> Supplied records
======
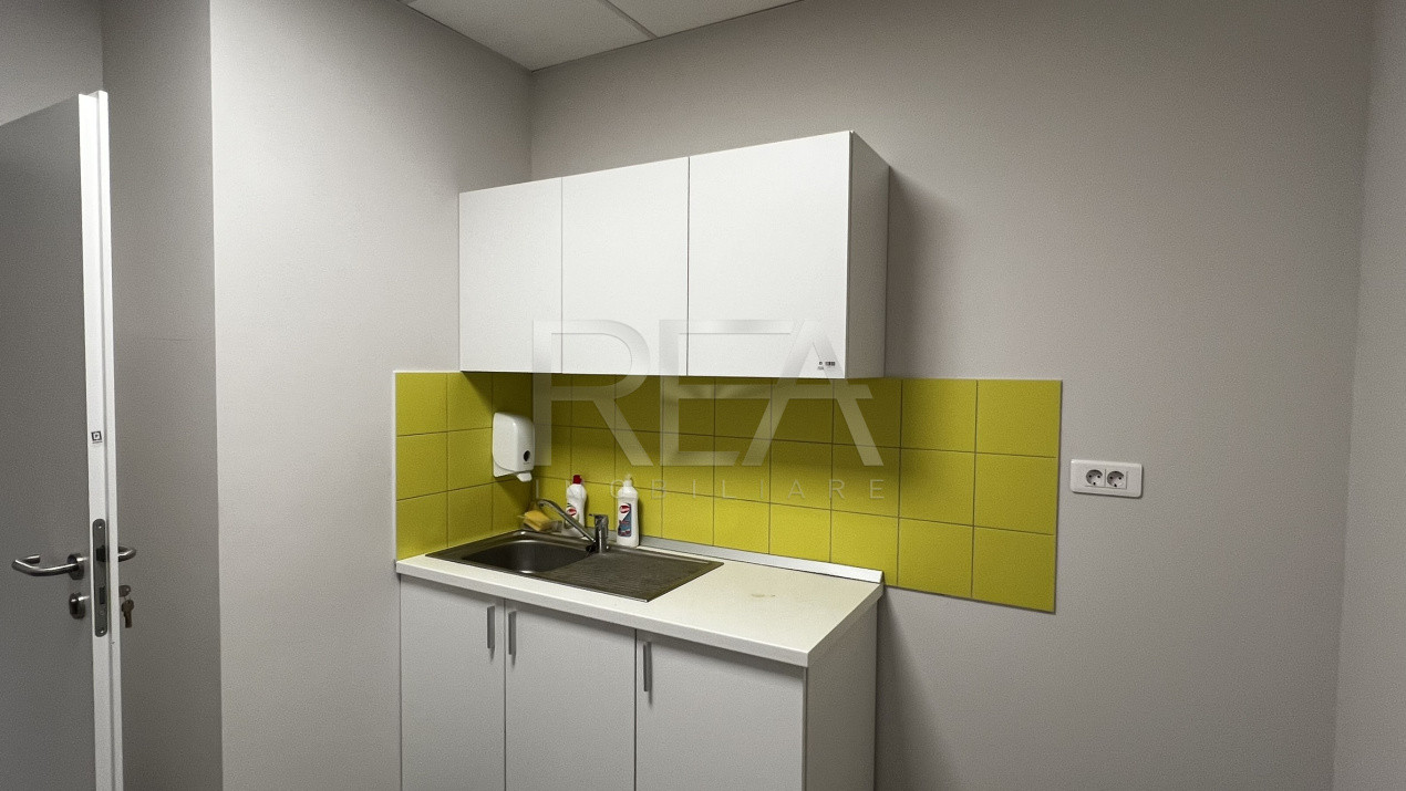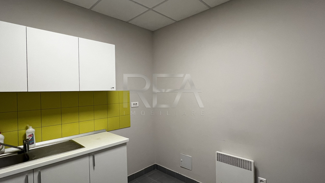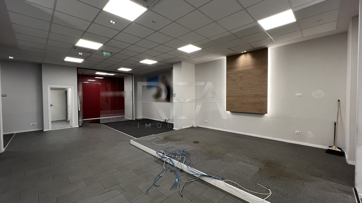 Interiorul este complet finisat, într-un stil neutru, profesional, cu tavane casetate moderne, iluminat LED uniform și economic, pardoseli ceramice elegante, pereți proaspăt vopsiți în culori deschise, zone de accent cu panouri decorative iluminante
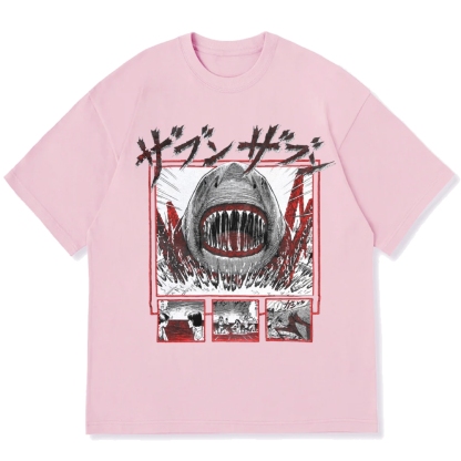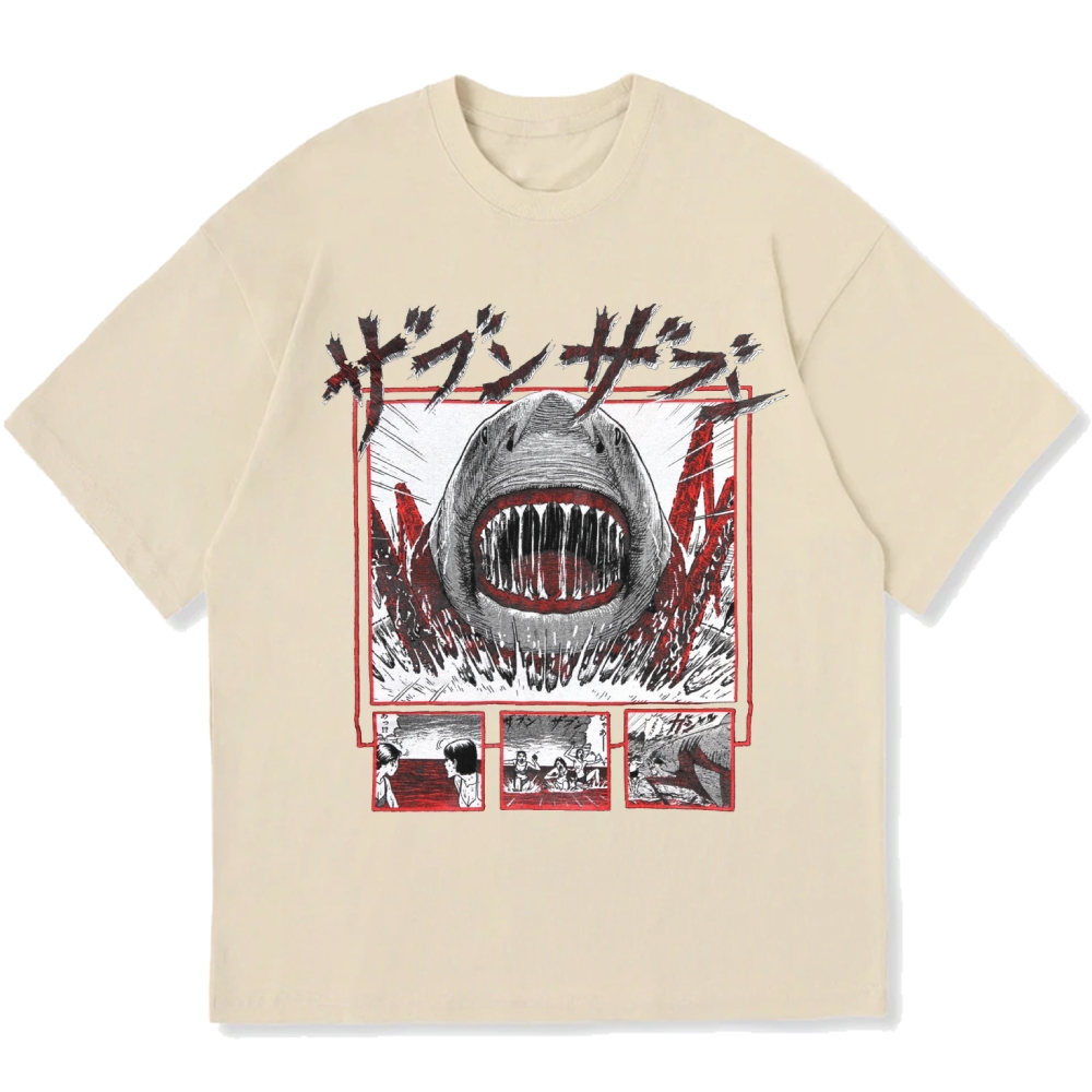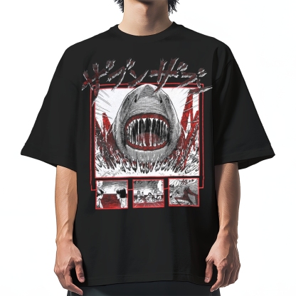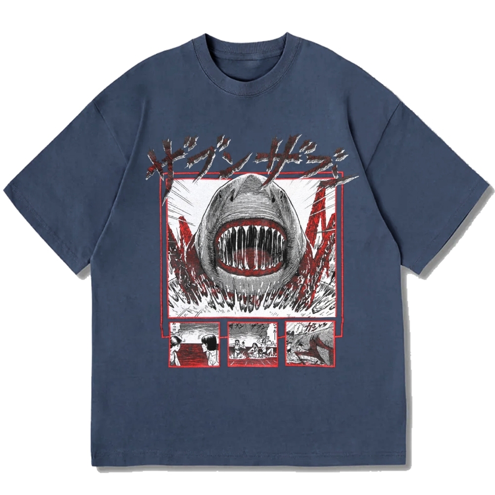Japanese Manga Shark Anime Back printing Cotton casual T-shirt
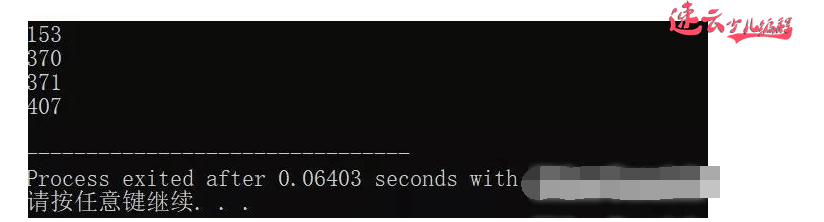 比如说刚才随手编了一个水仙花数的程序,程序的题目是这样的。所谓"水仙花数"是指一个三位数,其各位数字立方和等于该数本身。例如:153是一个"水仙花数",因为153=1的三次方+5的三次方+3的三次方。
======
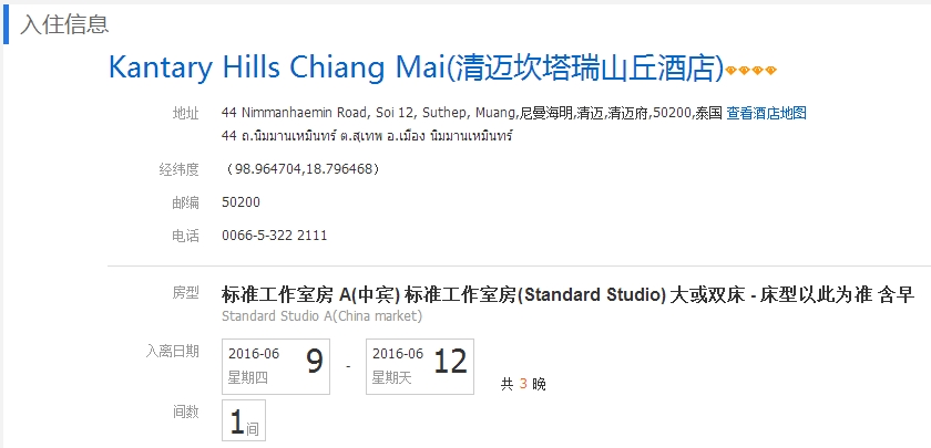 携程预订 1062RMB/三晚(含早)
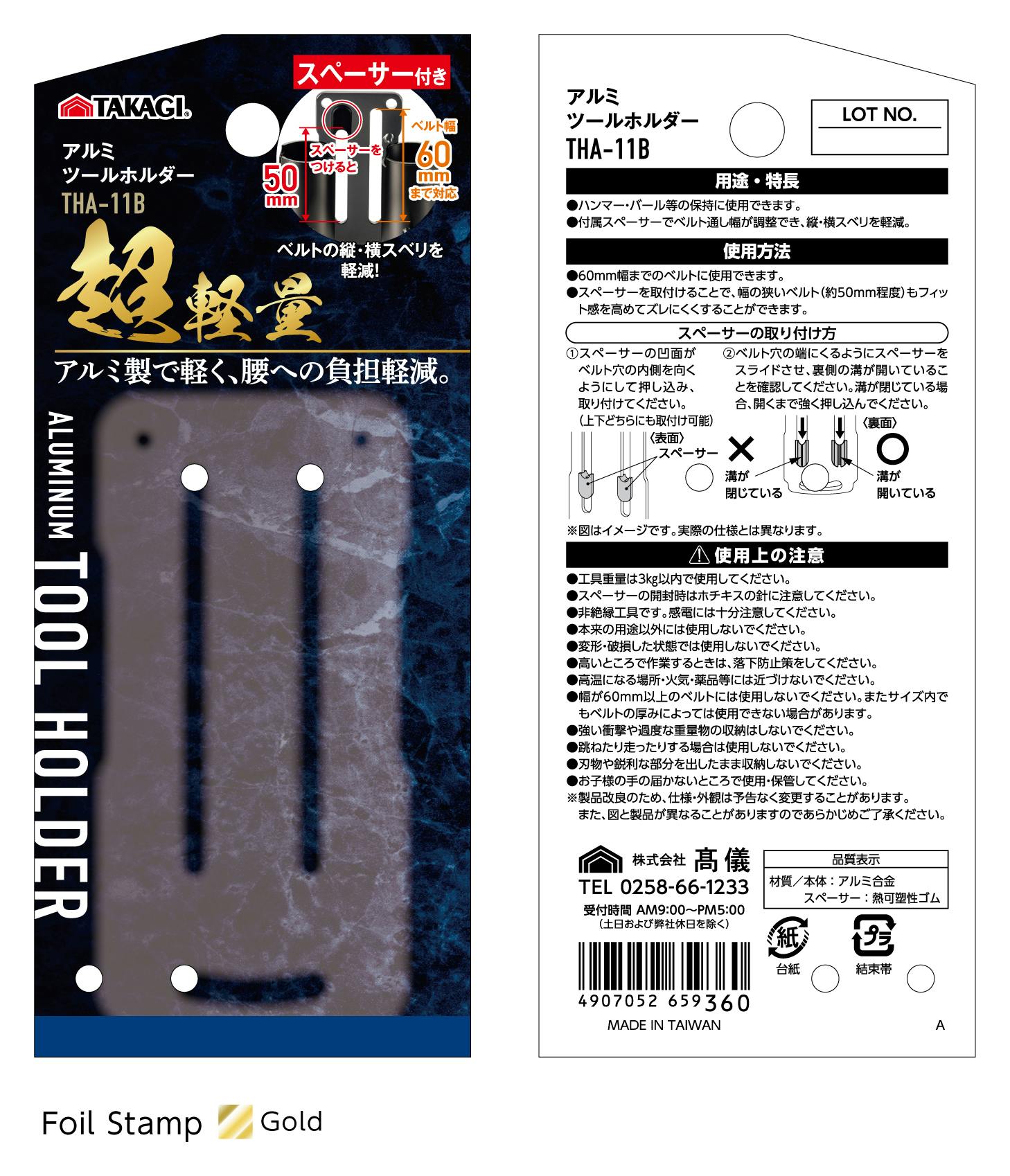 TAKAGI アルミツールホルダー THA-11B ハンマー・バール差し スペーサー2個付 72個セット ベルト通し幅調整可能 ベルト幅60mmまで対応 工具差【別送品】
======
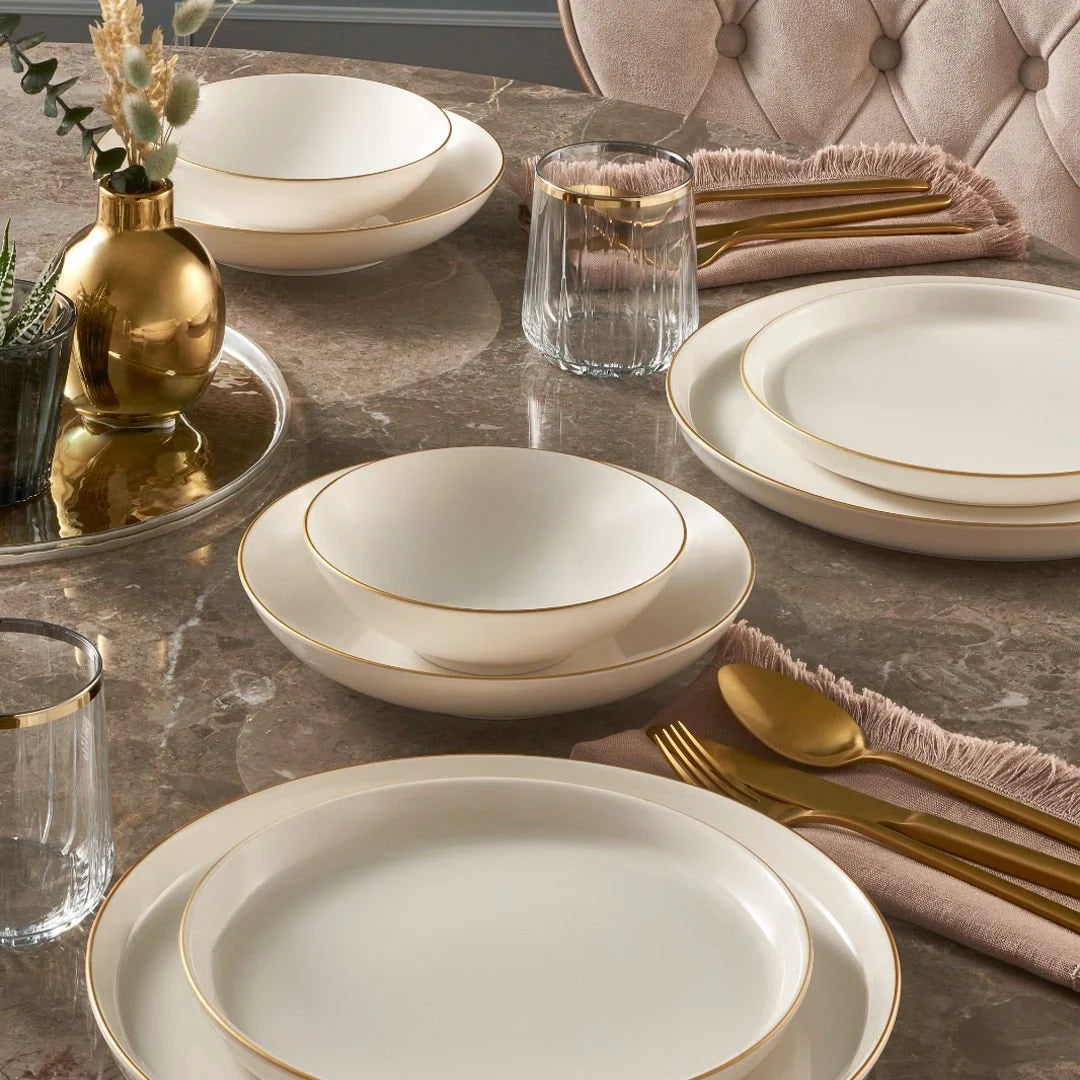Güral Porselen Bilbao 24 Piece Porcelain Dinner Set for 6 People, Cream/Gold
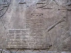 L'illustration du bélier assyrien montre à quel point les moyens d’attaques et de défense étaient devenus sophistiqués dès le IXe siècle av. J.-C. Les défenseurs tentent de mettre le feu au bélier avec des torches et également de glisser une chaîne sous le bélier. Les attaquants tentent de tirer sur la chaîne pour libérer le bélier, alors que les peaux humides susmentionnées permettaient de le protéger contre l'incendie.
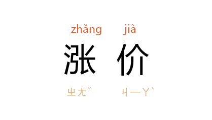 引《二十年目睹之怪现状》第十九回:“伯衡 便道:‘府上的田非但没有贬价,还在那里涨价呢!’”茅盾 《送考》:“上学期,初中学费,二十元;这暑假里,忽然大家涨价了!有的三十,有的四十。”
======
> What you need to do
From the material above, give again exactly the lines from the one that contains "Interiorul este complet" through the one that contains "比如说刚才随手编了一个水仙花", and leave out the pictures.

> Solution for this exercise
 Interiorul este complet finisat, într-un stil neutru, profesional, cu tavane casetate moderne, iluminat LED uniform și economic, pardoseli ceramice elegante, pereți proaspăt vopsiți în culori deschise, zone de accent cu panouri decorative iluminante
Japanese Manga Shark Anime Back printing Cotton casual T-shirt
 比如说刚才随手编了一个水仙花数的程序,程序的题目是这样的。所谓"水仙花数"是指一个三位数,其各位数字立方和等于该数本身。例如:153是一个"水仙花数",因为153=1的三次方+5的三次方+3的三次方。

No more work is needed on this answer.